CROSSROADS #INHABITINGTHEWORLD

CROSSROADS #INHABITINGTHEWORLD
Originally published in Italian for Stratagemmi.

An empty stage. Tribal music. Four dancers take turns inhabiting the space, giving rise to four performances that are strikingly different from one another.

#1 Static pseudo-figurative drawings are projected onto the back wall while performer Matteo Sedda positions himself between the projector’s light and the surface, crystallising his body into a sequence of poses. His shadow becomes an integral part of the image on the wall, and the graphic line of the projected drawing freezes across his body. Cut.

#2 Kumar scatters thin sheets of coloured paper across the stage. They almost recall Amazing Grace by Nari Ward. With fluid gestures that are constantly off-balance, often developed close to the floor, the dancer moves through the space marked by the brightly coloured sheets on the ground. He then gathers some of them and uses them to cover his face, as if assembling a Día de los Muertos mask. Cut.

#3 Wolowiec’s body is in a state of constant precarious balance. Although her feet are firmly planted on the ground, she shifts her weight back and forth. She wavers, at times she falls. Yet she is resilient. She clings to the bodies of others, struggles against herself, and rises again and again. Cut.

#4 Finally, though it is not the end, Sly spreads fine sand across the stage space, surrendering to a tribal dance. He hops on one foot, as in the ritual dances of a heterotopic imaginary Africa.

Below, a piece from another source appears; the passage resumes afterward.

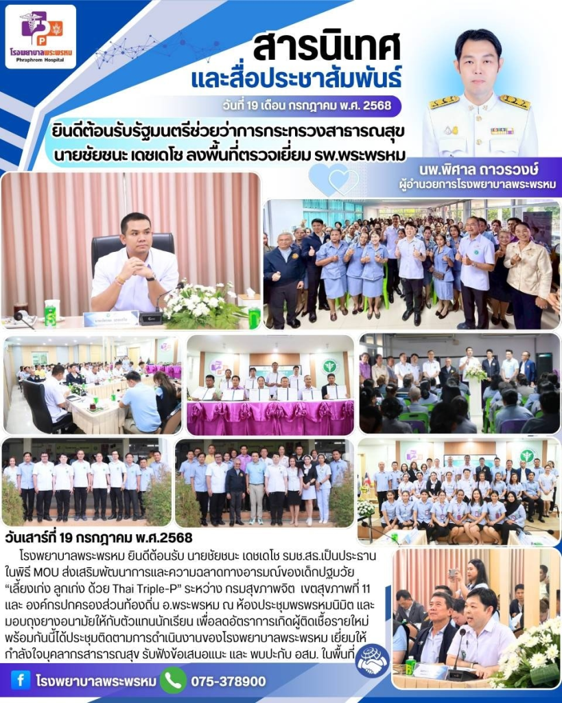 โรงพยาบาลพระพรหม ยินดีต้อนรับ นายชัยชนะ เดชเดโช รมช.สธ.เป็นประธานในพิธี MOU ส่งเสริมพัฒนาการและความฉลาดทางอารมณ์ของเด็กปฐมวัย “เลี้ยงเก่ง ลูกเก่ง ด้วย Thai Triple-P” ระหว่าง กรมสุขภาพจิต เขตสุขภาพที่ 11 และ องค์กรปกครองส่วนท้องถิ่น อ.พระพรหม ณ ห้องประชุมพรพรหมนิมิต และมอบถุงยางอนามัยให้กับตัวแทนนักเรียน เพื่อลดอัตราการเกิดผู้ติดเชื้อรายใหม่ พร้อมกันนี้ได้ประชุมติดตามการดำเนินงานของโรงพยาบาลพระพรหม เยี่ยมให้กำลังใจบุคลากรสาธารณสุข รับฟังข้อเสนอแนะ และ พบปะกับ อสม. ในพื้นที่

The four dancer-authors of Crossroads developed their performances during periods of residence abroad as part of the MIC Boarding Pass project. Accompanied by local artists from the most varied disciplines, they were given the opportunity to merge with their places of arrival and to engage with local practices, perspectives, and aesthetic and ritual conventions. Sedda worked in Calcutta with a visual artist; Kumar with a Mexican composer; Wolowiec with a video-maker in Lebanon; Sly with a Senegalese musician.

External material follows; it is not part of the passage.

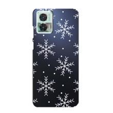Зимні Чохли для Моторола Едж 30 Нео - прозорий фон - Білі сніжинки

Experiences in such distant corners of the world could only generate a heterogeneous and deliberately disjointed performance. It is no coincidence that the subtitle of the work is Inhabiting the World. The diversity of gestural palettes adopted by the performers, who are also the choreographers, conveys the plural variety of peoples and cultures across the globe, almost suggesting a struggle against ideological absolutism in favour of the relativity of viewpoints. What unites the four solos, by contrast, seems to be the desire to convey the impressions and emotions the dancers experienced first-hand in the places they travelled through, including disturbance and frustration. Amplifying this is a highly coherent musical horizon, dominated by percussions that echo the beat of the human heart and the roar of vital energy.

The performance’s metamedial quality is most clearly grasped in Sedda’s extreme and demystifying proposal. Although it appears to be the most controversial, his contribution is also the most compelling and densely meaningful. Beyond opening the performance, as already described, he is also entrusted with its conclusion. For more than ten minutes, lying on a transparent plastic mat, he violently and at the same time sensually crushes a series of fruits. Throughout, he fixes the audience with an intense, insistent, provocative gaze, almost erotic, recalling Manet’s Olympia. He teases the spectators, challenges them. Repeatedly, he draws out an enormous sharp knife, whose presence inevitably chills the audience. At the end of the performance, his body is entirely covered in a blood-red liquid that disturbs and unsettles. His work fascinates, astonishes, disorients, and undoubtedly captures attention.

The aggression Sedda puts on display evokes anxieties of abuse, mistreatment, and domination. It is a violence that accepts nothing beyond itself, and before which the audience remains stunned. Vocal expressions of dissent are not absent. At the second performance, a spectator began shouting abuse at the artist. Should the provocation therefore be considered successful? And this leads one to ask, upon leaving the theatre, what remains beyond the scandal. Is unsettling the spectator a sufficient objective?